Удерживая блок под крестцом, медленно подведите одно колено к груди.

Вытяните обе ноги прямо вверх к потолку.

Задержитесь в этом положении на 1-3 минуты, затем медленно согните оба колена назад к груди.

Супта Матсьендрасана - Поза скручивания позвоночника в положении лежа

Супта Матсьендрасана - Поза скручивания позвоночника в положении лежа

Супта Матсьендрасана - Поза скручивания позвоночника в положении лежа

Лягте на спину, согнув колени и поставив ноги на ширине бедер.

На вдохе скрестите левую лодыжку над правым коленом.

Согните левую ногу и позвольте колену раскрыться.

Если вам кажется, что это достаточно хорошая растяжка, оставайтесь здесь.

В противном случае потянитесь вверх, обхватите руками правое бедро или голень и прижмите ногу к груди.

Найдите неподвижность или сделайте несколько мягких покачивающих движений из стороны в сторону.

Удерживайте около минуты на каждой стороне.
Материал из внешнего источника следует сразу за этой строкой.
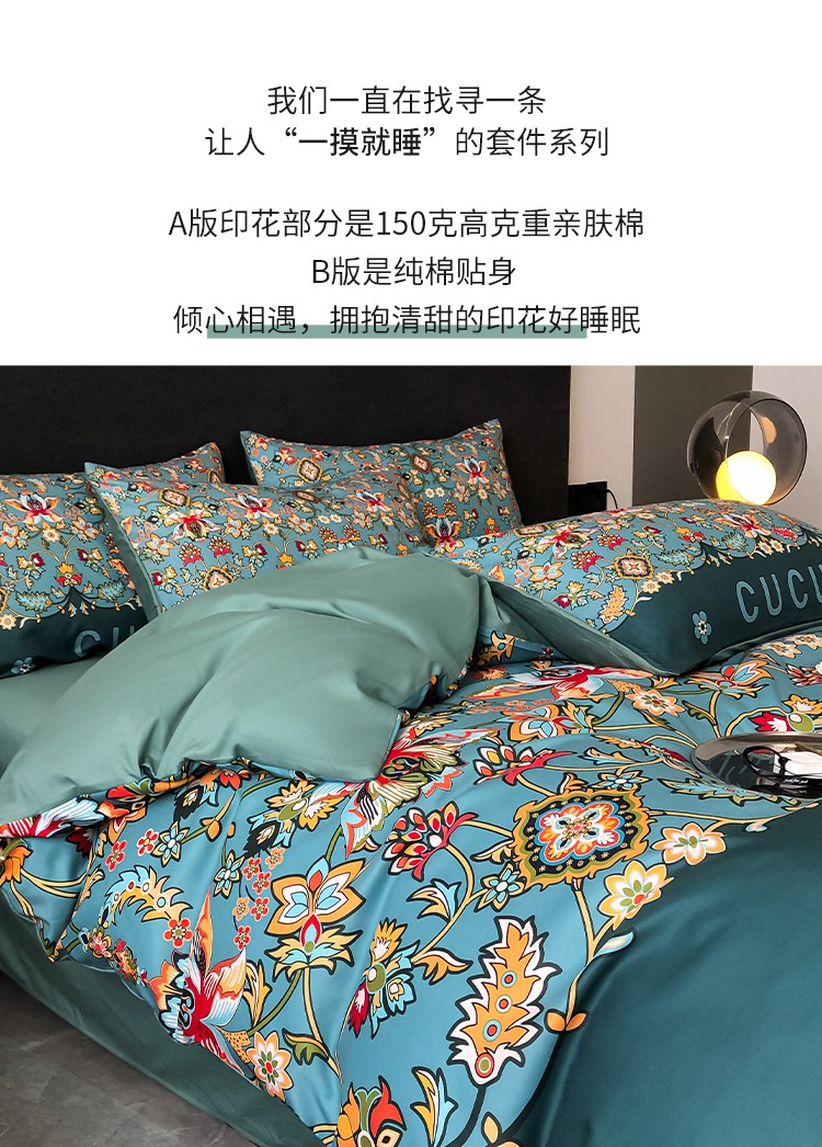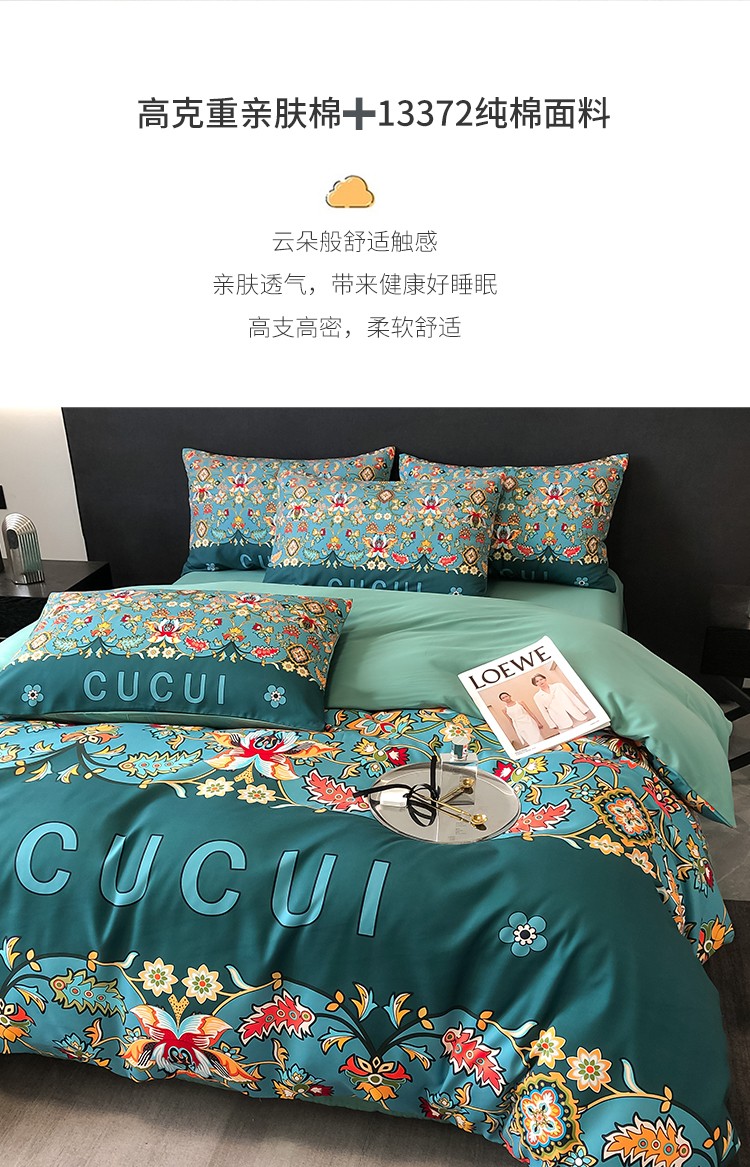 当前位置: 91家纺网 > 商品网购 > 床品套件 > 四件套 > 全棉普通四件套 > 色鬼布艺 2023新款13376纯棉潮牌床单床笠款四件套 轻奢晴茉

Супта Баддха Конасана - Поза со связанным углом в лежачем положении

Супта Баддха Конасана - Поза лежачего связанного угла

Супта Баддха Конасана - Поза со связанным углом в лежачем положении

Находясь на спине, сведите подошвы ног вместе и широко разведите колени.

При необходимости подложите под бедра блоки или одеяла.

Положите одну руку на живот, а другую - на сердце и начните замечать естественный ритм своего дыхания.

Позвольте глазам вернуться в голову, а мышцам лица, шеи и челюсти смягчиться.

Оставайтесь здесь столько, сколько вам нужно, используя неподвижность, чтобы проверить себя и настроиться.

Если вы хотите перейти в Савасану, вытяните обе ноги на коврике.